=== Task details ===
No pictures, please. Copy exactly the lines from the one with "1、开局在左侧建立蝴蝶伤害防线,中间下方的鱼骨清理残血和道具;" through the final line below.

=== Information supplied ===
• • • • • • •

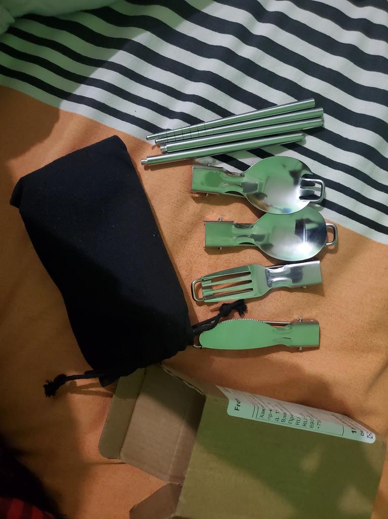 5 PCS Stainless Steel Travel Utensils, Foldable Portable Camping Cutlery Set, Includ Knife Fork Spoon Spork Chopsticks for Picnic, Hiking, School
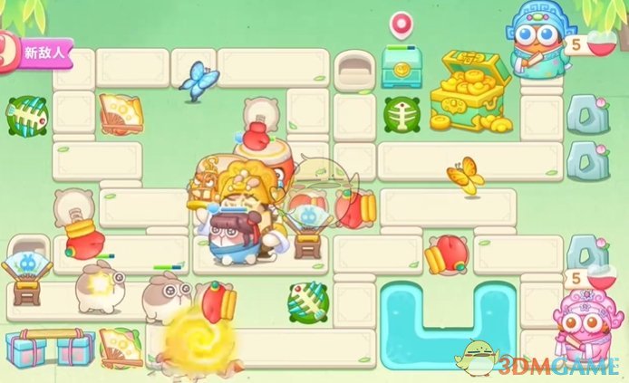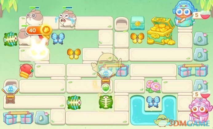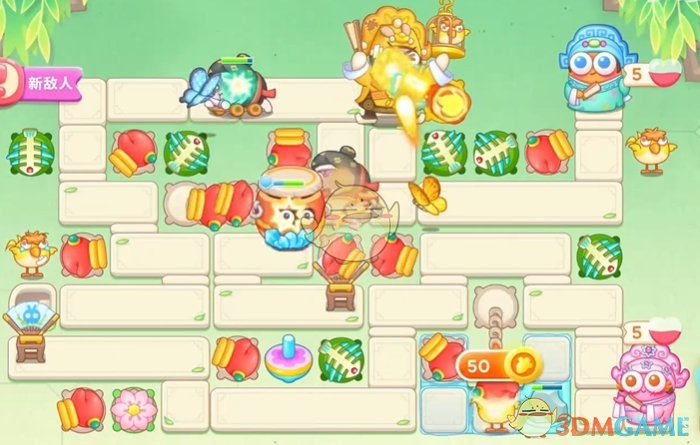 1、开局在左侧建立蝴蝶伤害防线,中间下方的鱼骨清理残血和道具;
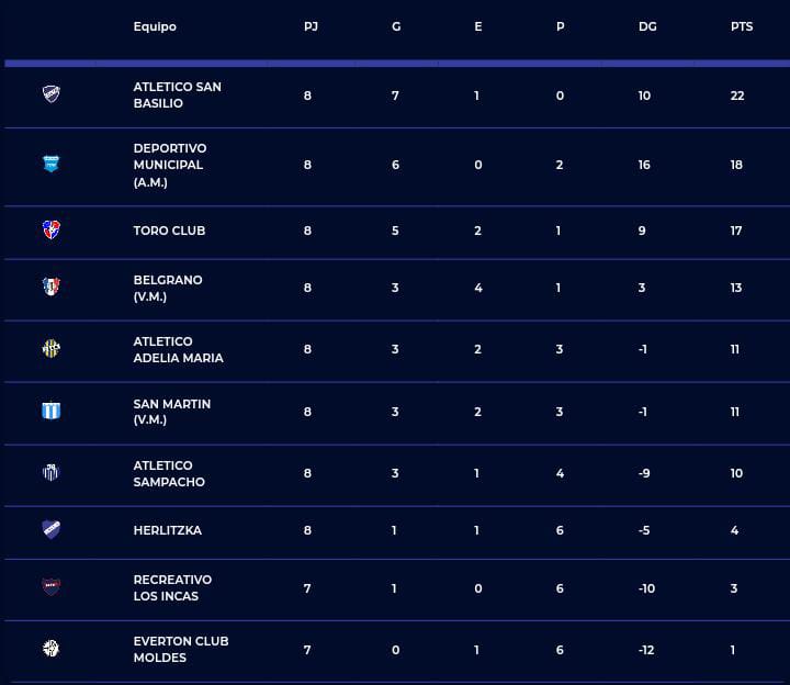 Municipal de Adelia, Toro Club y Atlético San Basilio y por la otra zona Acción Juvenil, Ateneo Vecinos son los equipos con posibilidades en este momento de poder clasificar a la próxima zona.
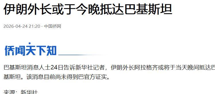 4 月 24 日,伊朗外长阿拉格奇率团抵达巴基斯坦首都伊斯兰堡。伊方称此行将到访巴、阿曼、俄罗斯三国,但外界心知肚明。

• • • • • • •

=== Response ===
 1、开局在左侧建立蝴蝶伤害防线,中间下方的鱼骨清理残血和道具;
 Municipal de Adelia, Toro Club y Atlético San Basilio y por la otra zona Acción Juvenil, Ateneo Vecinos son los equipos con posibilidades en este momento de poder clasificar a la próxima zona.
 4 月 24 日,伊朗外长阿拉格奇率团抵达巴基斯坦首都伊斯兰堡。伊方称此行将到访巴、阿曼、俄罗斯三国,但外界心知肚明。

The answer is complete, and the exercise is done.